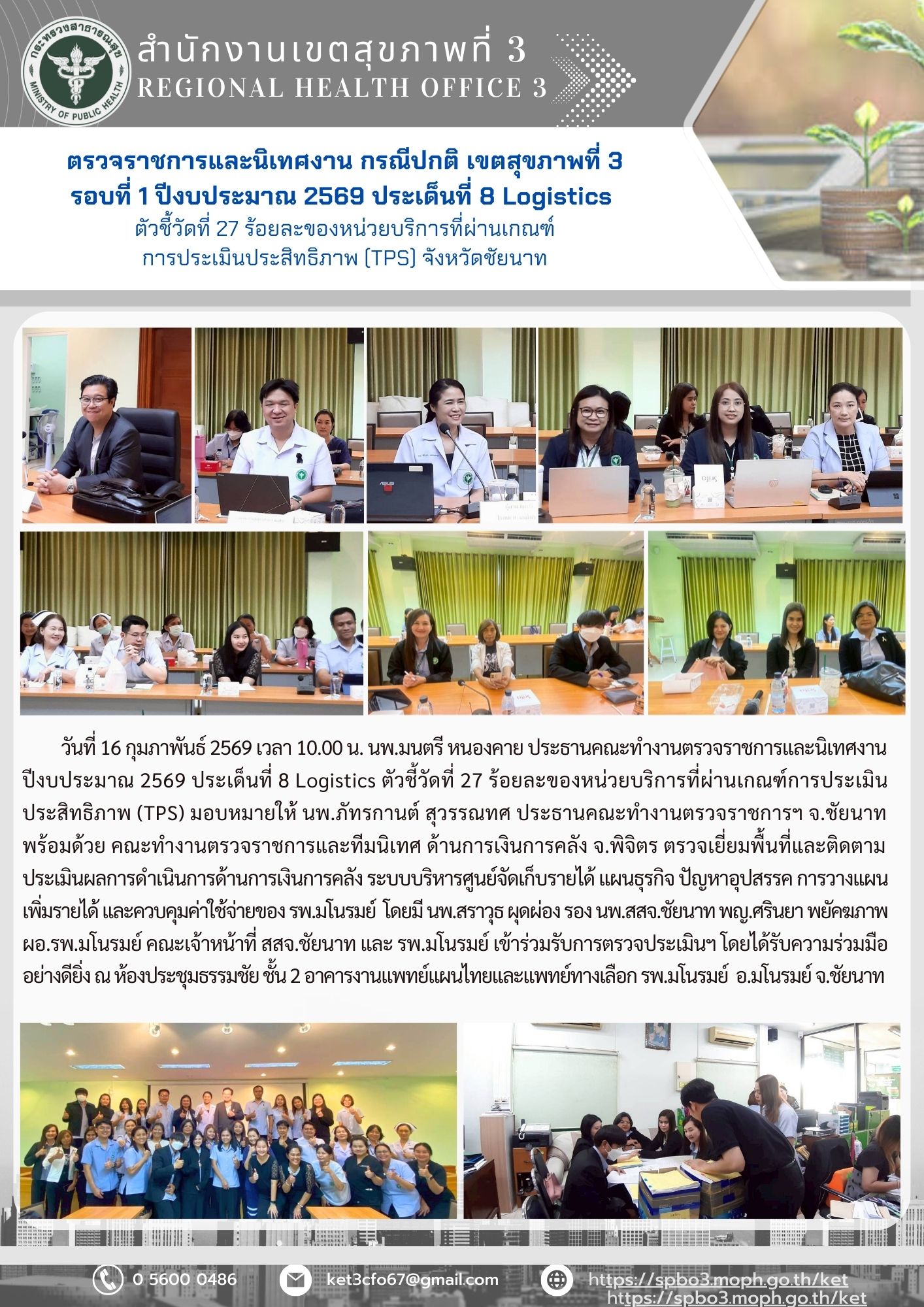 ตรวจราชการและนิเทศงาน กรณีปกติ รอบที่ 1/2569 ประเด็นที่ 8 ตัวชี้วัดที่ 27 ด้านการเงินการคลัง วันที่ 10 กุมภาพันธ์ 2569 ณ รพ.มโนรมย์ จ.ชัยนาท
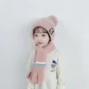 One Piece Hat for Children in Winter with Fluffy Ball Knitted Hat Scarf One-piece Set for Travel to Keep Warm
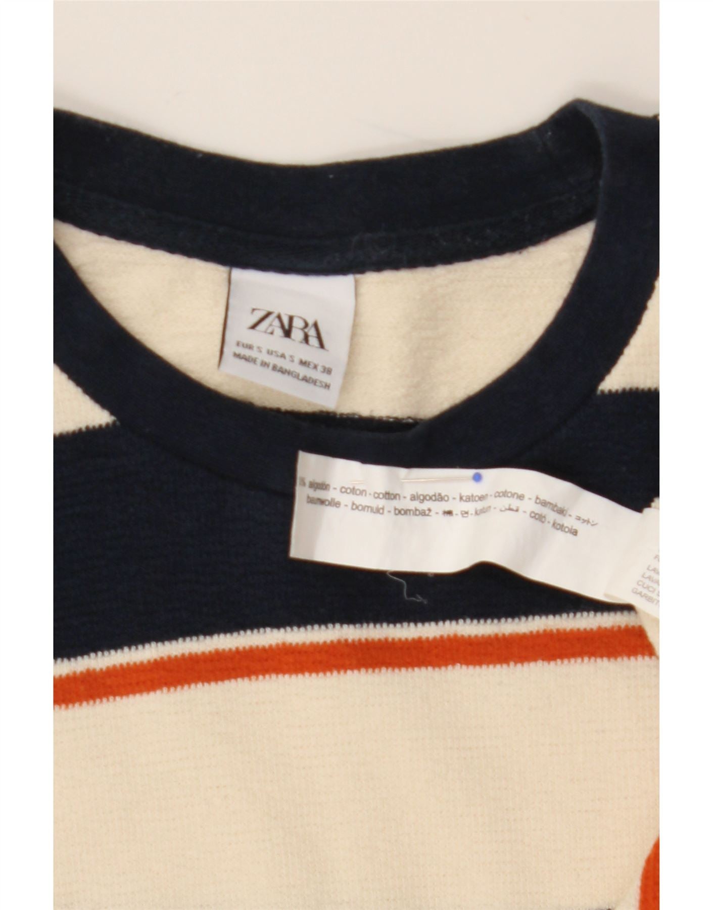 ZARA Mens T-Shirt Top Small Beige Striped Cotton
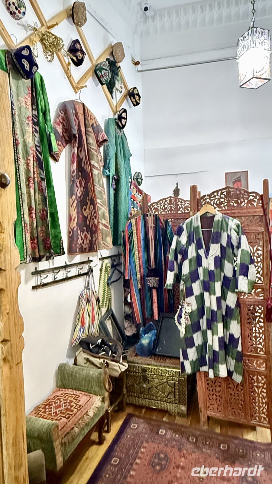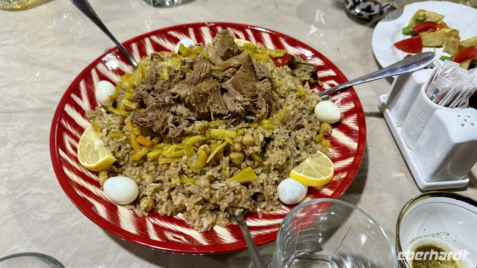 Schließlich erreichten wir unser Hotel. Am Abend besuchten wir die Designerin Elena, die uns in ihrem Atelier kreative und außergewöhnliche Mode-Stücke präsentierte – getragen von Stoffkunst, lokalen Mustern und individueller Handschrift. Danach freuten wir uns auf ein leckeres Abendessen, bei dem wir das usbekische Nationalgericht Plov serviert bekamen – ein aromatisches Reisgericht mit Fleisch, Karotten, Zwiebeln und Gewürzen, das in Usbekistan zu jeder wichtigen Zusammenkunft gehört.
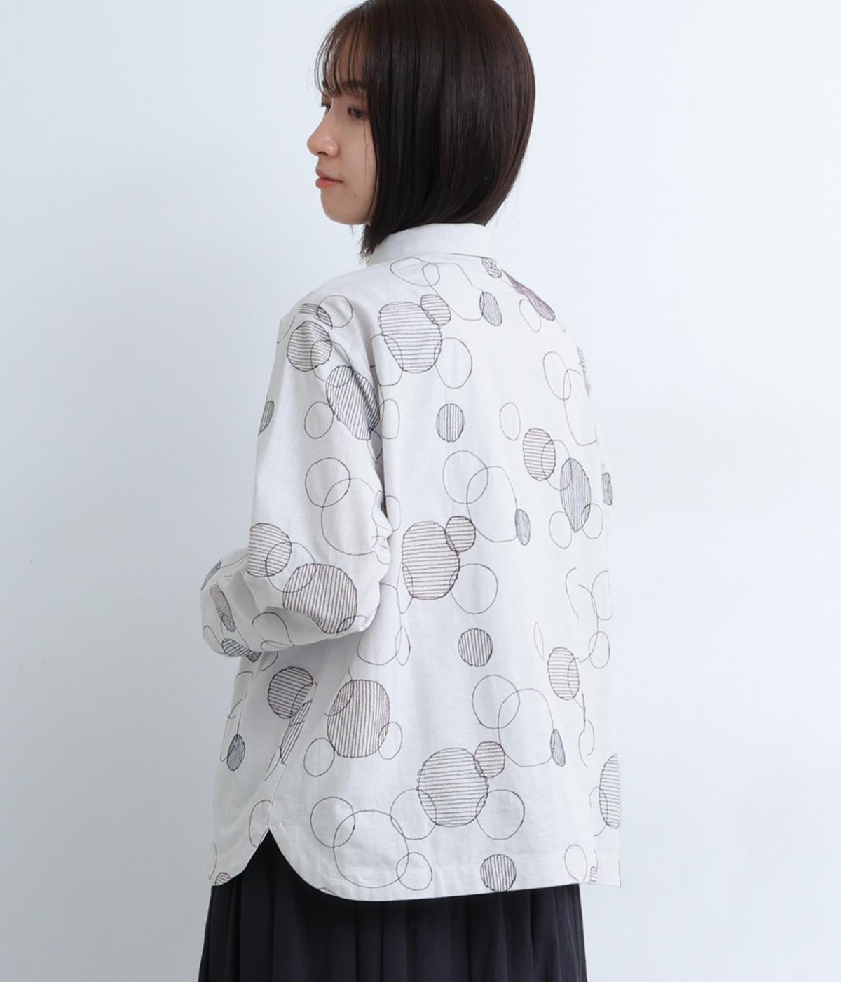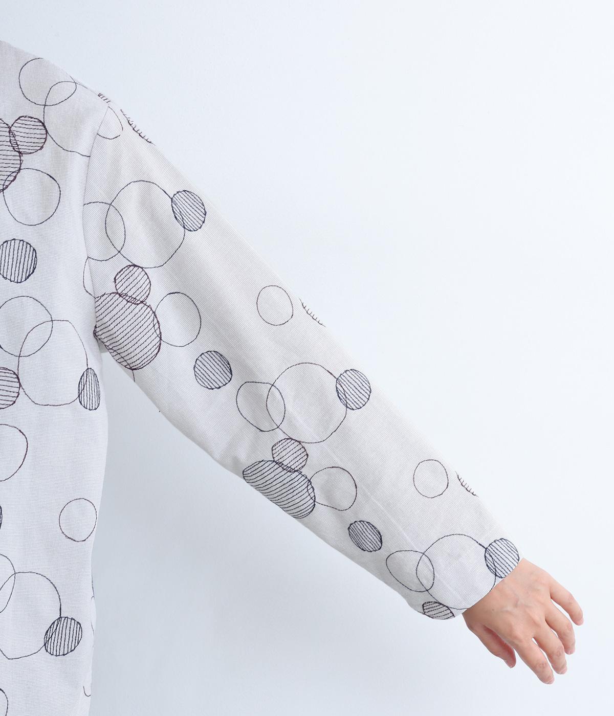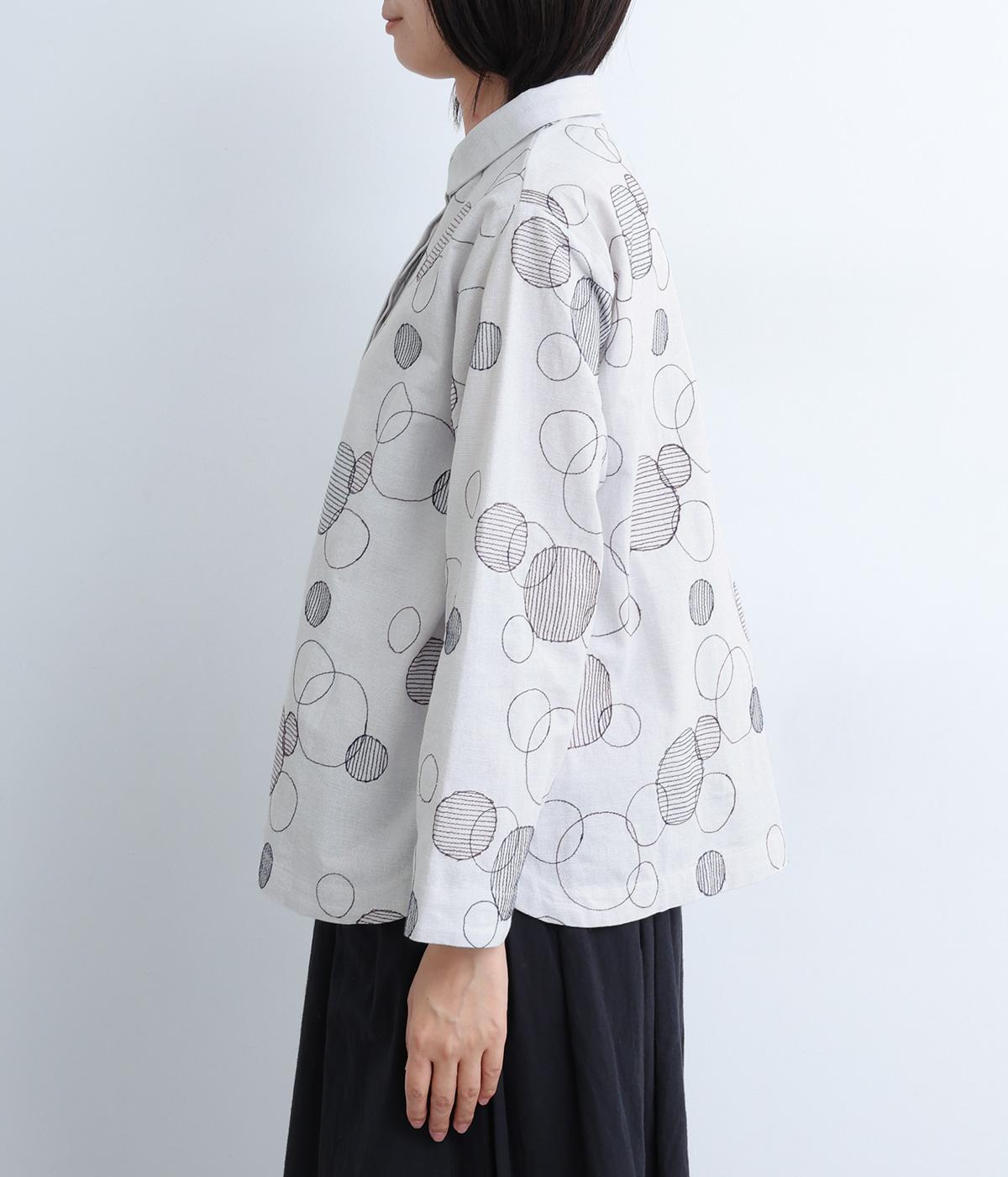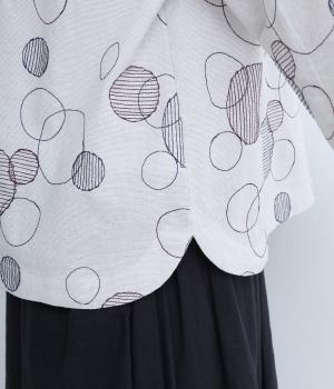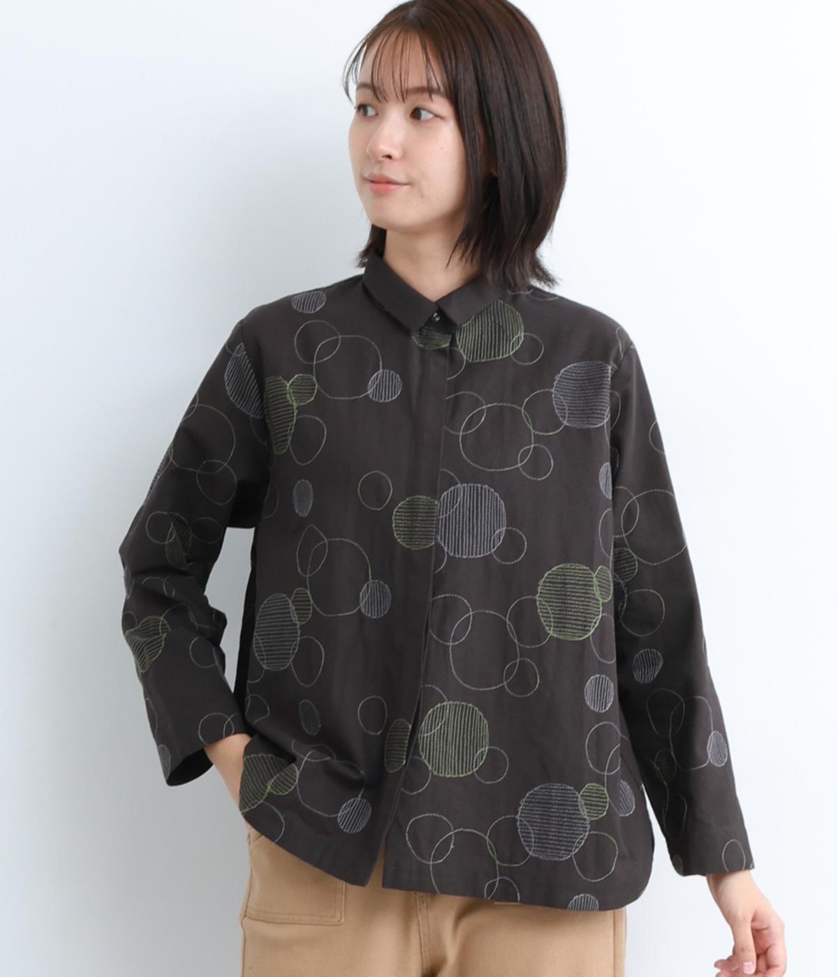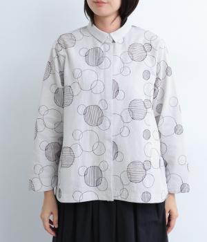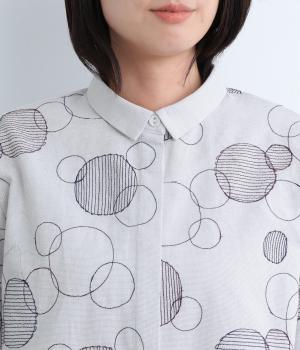 個性的なドット刺しゅうが目をひくブラウスです。きちんと感のある襟と、比翼仕立ての前立てですっきり見えます。丸みのある袖口と裾がかわいらしさを演出します。ディテールにもこだわりの詰まった一枚です。

________________________

Work item:
Repeat, word for word and with no pictures, only the lines running from the beginning of the data to the line that contains "One Piece Hat".

Solution to this task:
 ตรวจราชการและนิเทศงาน กรณีปกติ รอบที่ 1/2569 ประเด็นที่ 8 ตัวชี้วัดที่ 27 ด้านการเงินการคลัง วันที่ 10 กุมภาพันธ์ 2569 ณ รพ.มโนรมย์ จ.ชัยนาท
 One Piece Hat for Children in Winter with Fluffy Ball Knitted Hat Scarf One-piece Set for Travel to Keep Warm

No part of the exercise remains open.